Zanthoxylum avicennae is a woody plant in the family Rutaceae.

==Description==
Z. avicennae is a deciduous tree that reaches 15 m high. The trunk has chicken-foot-like thorns, the thorn base is oblate and thickened, shaped like a bulge, and displays ring patterns. The leaflets of the seedlings are very small, but as many as 31, on the branches of young trees. The leaves are densely thorny, and each part is glabrous. The leaves have 11–21 leaflets that are usually opposite or occasionally irregularly opposite, obliquely ovoid, obliquely rectangular or sickle-shaped, and are sometimes obovate. Seedling leaflets are mostly broad-ovate, long, wide, short pointed or blunt at the top, asymmetrical on both sides. It has sparsely cracked teeth on the whole or above the middle. The oil spots on fresh leaves are visible, while some are not obvious on the ventral surface of the leaf shaft. The leaf edges are narrow and green, and often narrow wing-shaped.

The inflorescence is terminal, with many flowers; the rachis and flowers are hard and sometimes purple-red. The male pedicel is 1–3 mm long. The sepals and petals are 5 mm. The sepals are broadly ovoid and green. The petals are yellow and white. The petals of the female flowers are slightly longer than those of the male flowers. About 2.5 mm long; male flowers have 5 stamens; 2 staminodes are lobed; female flowers have carpels 2 and rarely 3; staminodes are extremely small.

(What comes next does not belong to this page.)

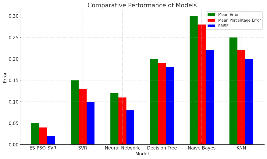 Figure 3. Comparative performance of ES-PSO-SVR and traditional models

The fruit stalk is 3–6 mm long, and the total stalk is 1–3 times longer than the fruit stalk; the stalks are light-purple red, and the diameter of a single stalk is 4–5 mm. The top has no awn tip. The oil spots are large and many, slightly convex. The diameter of a seed is 3.5–4.5 mm. This tree flowers from June to August, fruits from October to December, and flowering in October.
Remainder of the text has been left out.